Mildred Thompson, String Theory 11, 1999.©ESTATE OF MILDRED THOMPSON/COURTESY GALERIE LELONG & CO., NEW YORK/JOHNSON COLLECTION

Until recently, the vast and significant contributions Black artists have made to the history of abstraction have been under-recognized by the mainstream art world. If artists like Sam Gilliam, Jack Whitten, and Howardena Pindell are finally getting their due, thanks to big museum shows and representation at the world’s top galleries, many Black female abstractionists who began their careers in the mid-20th century such as Betty Blayton, EJ Montgomery, Mary Lovelace O’Neal, and Barbara Chase-Riboud are still awaiting such visibility.

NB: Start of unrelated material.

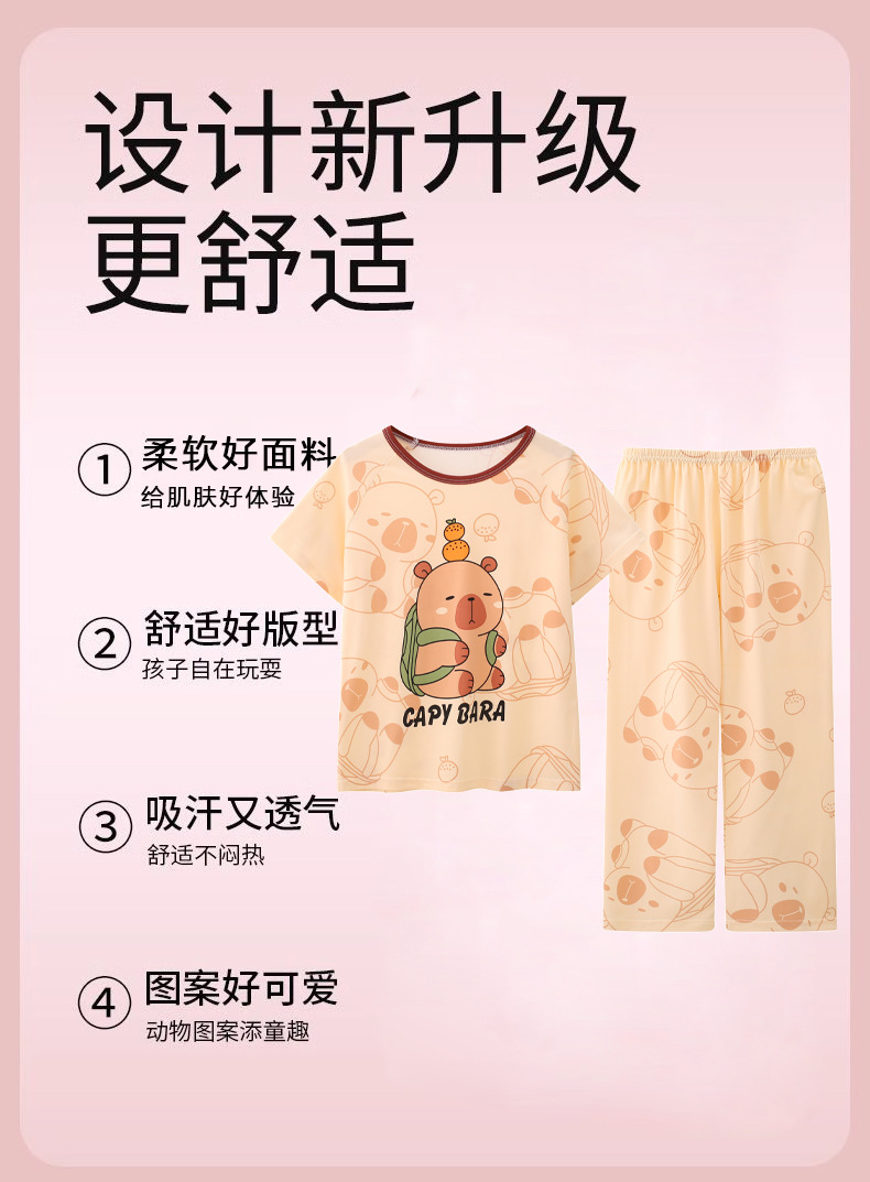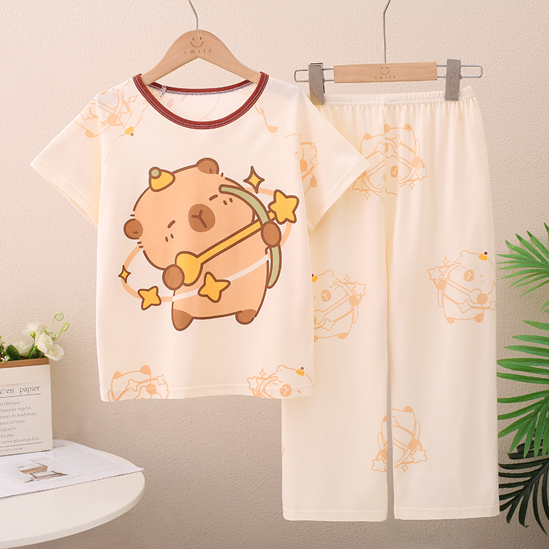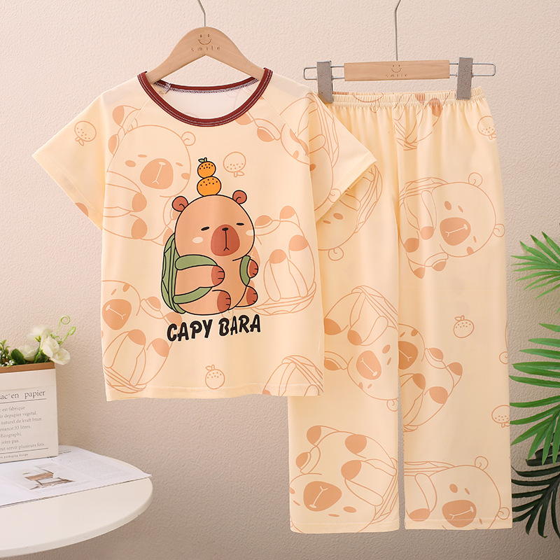 Kapibala 어린이 잠옷 소년 중대형 어린이 긴팔 바지 소녀 만화 작은 Capybara 홈 의류 세트

But there have been some attempts to elevate these artists. One came in Adrienne Edward’s 2015 essay “Blackness in Abstraction” for Art in America, which became an exhibition at Pace Gallery the following year, and another in the 2017 traveling exhibition “Magnetic Fields: Expanding American Abstraction, 1960s to Today.” Curated by Erin Dziedzic and Melissa Messina for the Kemper Museum of Art in Kansas City, Missouri, the show focused on the art-historical contributions of women artists of color and took its name from a series of works by Mildred Thompson from the ’90s.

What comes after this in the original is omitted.